Baseline: CRM Ours: WCRM For both datasets, WCRM maintains good performance even as the quality of logger 1 is degraded, while the naive CRM approach is severly affected.

Paper Survey

@inproceedings{wang2018position, title={Position bias estimation for unbiased learning to rank in personal search}, author={Wang, Xuanhui and Golbandi, Nadav and Bendersky, Michael and Metzler, Donald and Najork, Marc}, booktitle={Proceedings of the Eleventh ACM International Conference on Web Search and Data Mining}, pages={610–618}, year={2018}, organization={ACM} }

  • Learning to Rank
  • Personal Search
  • Compare different schemes for result randomization (i.e., RandTopN and RandPair) and show their negative effect in personal search.
  • Study how to infer such bias from regular click data without relying on randomization.
  • Propose a regression-based Expectation-Maximization (EM) algorithm that is based on a position bias click model and that can handle highly sparse clicks in personal search.
  • Evaluate EM algorithm and the extracted bias in the learning-to-rank setting.
  • Evaluation: weighted MRR and average log likelihood

[2] Risk-Averse Trees for Learning from Logged Bandit Feedback

@inproceedings{trovo2017risk, title={Risk-averse trees for learning from logged bandit feedback}, author={Trov{`o}, Francesco and Paladino, Stefano and Simone, Paolo and Restelli, Marcello and Gatti, Nicola}, booktitle={Neural Networks (IJCNN), 2017 International Joint Conference on}, pages={976–983}, year={2017}, organization={IEEE} }

  • RADT is based on a risk-averse learning method which exploits the joint use of regression trees and statistical confidence bounds
  • RADT generates policies aiming to maximize a lower bound on the expected reward and provides a clear characterization of those features in the context that influence the process the most.
  • RADT algorithm which greedily learns a binary tree to approximate the optimal mapping on the basis of the available dataset and maximizes statistical lower bounds over the expected profit.

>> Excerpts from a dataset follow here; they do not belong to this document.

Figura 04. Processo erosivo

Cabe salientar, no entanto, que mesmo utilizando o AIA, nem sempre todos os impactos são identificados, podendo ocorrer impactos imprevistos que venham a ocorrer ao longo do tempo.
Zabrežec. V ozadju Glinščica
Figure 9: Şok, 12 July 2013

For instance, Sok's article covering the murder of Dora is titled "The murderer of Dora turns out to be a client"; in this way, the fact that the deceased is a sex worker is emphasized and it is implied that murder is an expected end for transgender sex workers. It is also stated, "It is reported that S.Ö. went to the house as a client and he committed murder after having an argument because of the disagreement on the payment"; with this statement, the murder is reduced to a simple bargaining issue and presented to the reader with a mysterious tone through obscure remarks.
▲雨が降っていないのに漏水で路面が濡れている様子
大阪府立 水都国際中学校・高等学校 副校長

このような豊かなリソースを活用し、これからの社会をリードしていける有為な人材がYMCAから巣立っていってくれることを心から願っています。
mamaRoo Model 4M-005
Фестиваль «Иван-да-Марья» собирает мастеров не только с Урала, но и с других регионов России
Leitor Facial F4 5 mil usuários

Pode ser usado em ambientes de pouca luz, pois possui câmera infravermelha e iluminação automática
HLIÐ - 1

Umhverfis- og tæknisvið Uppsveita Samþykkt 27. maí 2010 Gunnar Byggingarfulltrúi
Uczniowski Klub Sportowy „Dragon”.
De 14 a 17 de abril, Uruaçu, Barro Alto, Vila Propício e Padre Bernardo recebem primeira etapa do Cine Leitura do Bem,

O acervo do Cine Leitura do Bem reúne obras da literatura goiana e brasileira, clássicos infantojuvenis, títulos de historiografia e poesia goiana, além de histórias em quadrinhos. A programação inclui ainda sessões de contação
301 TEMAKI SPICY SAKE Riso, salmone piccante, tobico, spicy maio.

[3] Learning to Rank with Selection Bias in Personal Search.

@inproceedings{wang2016learning, title={Learning to rank with selection bias in personal search}, author={Wang, Xuanhui and Bendersky, Michael and Metzler, Donald and Najork, Marc}, booktitle={Proceedings of the 39th International ACM SIGIR conference on Research and Development in Information Retrieval}, pages={115–124}, year={2016}, organization={ACM} }

  • Study the problem of how to leverage sparse click data in personal search and introduce a novel selection bias problem and address it in the learning-to-rank framework
  • Proposes a few bias estimation methods, including a novel query-dependent one that captures queries with similar results and can successfully deal with sparse data.